For instance, if there has been a spate of burglaries in your area over the preceding years, this may have a negative impact on the risk level of your neighbourhood. Of course this has little or nothing to do with anything that you've done directly, but insurers have to accurately assess the liability that they face and all potential issues relating to cover.
You may also find that your security system has been downgraded by the time you come around to renew. Again, this is just something that home insurance companies occasionally do, particularly as newer, more advanced alternatives flood the market. As unlikely as it may be, this could also have an impact on the amount you pay, particularly if the crime rate has increased in your vicinity.
Then of course there are natural disasters. This is completely out of your control, but if there has been flooding in your post code or surrounding area, this may put your premiums up. It's unfortunate, but sadly it can have a knock-on effect.
But let's return to the question in hand, how much should you actually budget for your home insurance? Well, you shouldn't immediately assume that it will be lower than your previous year's policy. Whilst there are no claims bonuses on offer, those other factors that I've mentioned previously can negate any such reduction.
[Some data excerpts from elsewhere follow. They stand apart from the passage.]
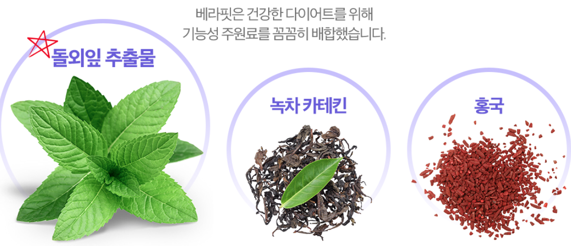 베라핏은 돌외잎 추출물 외에도 녹차 카테킨, 홍국 등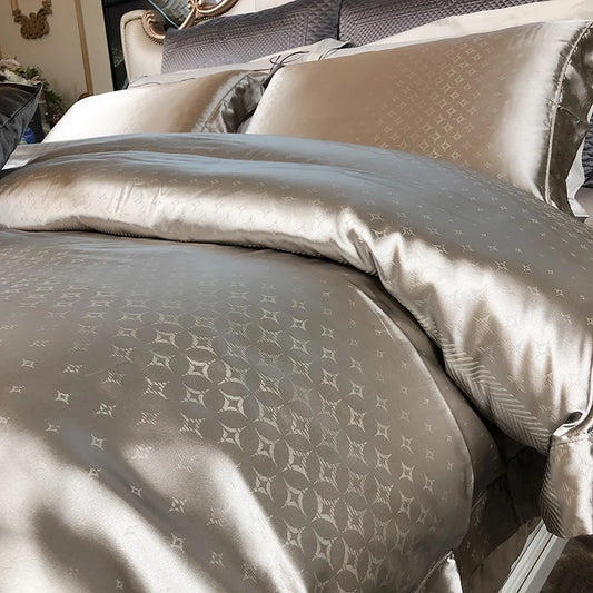 European Luxury Palace Four Seasons 100s Brocade Jacquard Quilt Cover Fitted Sheet All Cotton Four Piece Bedding Set
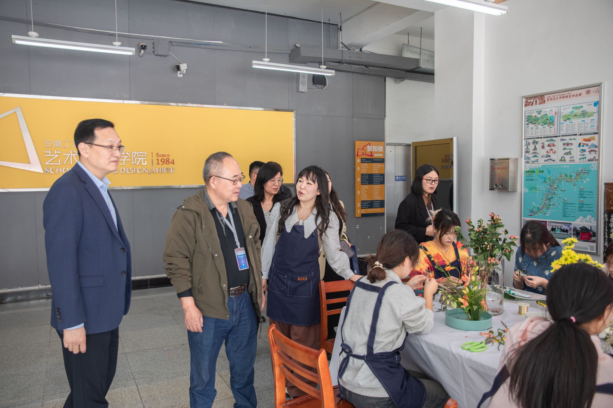 随后专家组一行分别到徽州三雕大师工作室、徽派创新设计工作室、摄影摄像工作室、3D打印工作室、雕塑陶艺工作室、徽州三雕查嵘艺术馆等实地考察验收,并在徽派插花工作室观摩插花劳动教育实践授课现场,专家与学生进行互动并深入体验了劳动教育实践课程。专家组一行对我校基地劳动教育立足于两个国家级资源支撑以及实践场所的规划布局、活动开展、特色育人等方面给予了充分肯定。同时希望,我校徽派技艺劳动教育实践基地在今后的劳动实践教育活动中要充分发挥区域辐射作用,努力营造全社会关心和支持新时代大中小学劳动教育的良好氛围。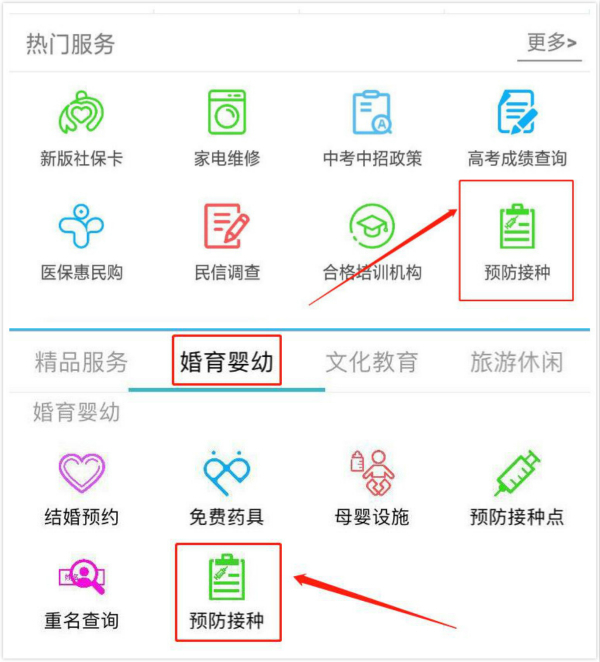 打开“随申办”App,在“我”频道的“热门服务”中进入“预防接种”服务,或者点击“更多”后从“婚育婴幼”版块进入“预防接种”服务,家长们输入宝贝信息,即可查询疫苗接种信息。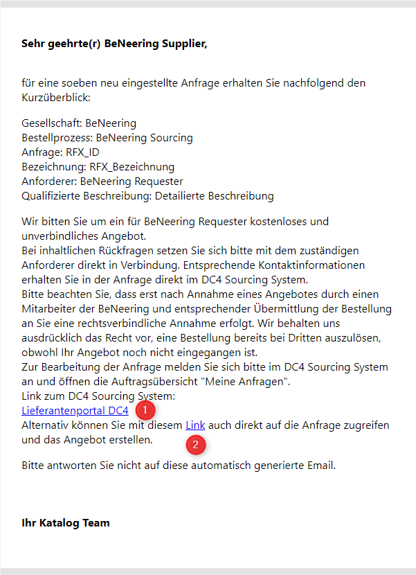 Wenn ein Kunde eine Beschaffungsanfrage (Sourcing-Anfrage) an einen Lieferanten sendet, wird eine E-Mail-Benachrichtigung an den Lieferanten gesendet, in der er um die Abgabe eines Angebots gebeten wird.

But your current policy price is certainly a good benchmark for budgeting purposes.
Don't forget that once your insurance is up for renewal that you can look around. So if you have carried out some remedial research and seen a better price elsewhere, you could always contact your current insurer about this and see if they can match the price or offer a better level of cover to compensate. Alternatively, you could just choose to take up the offer of the rival company and transfer your policy over.
You also need to bear in mind any increases in tax that may occur. For instance last year Insurance Premium Tax (IPT) increased to 6% from 5% - the first such increase in 11 years for UK consumers. VAT also saw a hike from 17.5% to 20%, which again may affect how much you pay for your policy. These kinds of alterations are completely out of your hands but can certainly have an impact, therefore it is always worth monitoring them - particularly if you're stringently budgeting for the year ahead.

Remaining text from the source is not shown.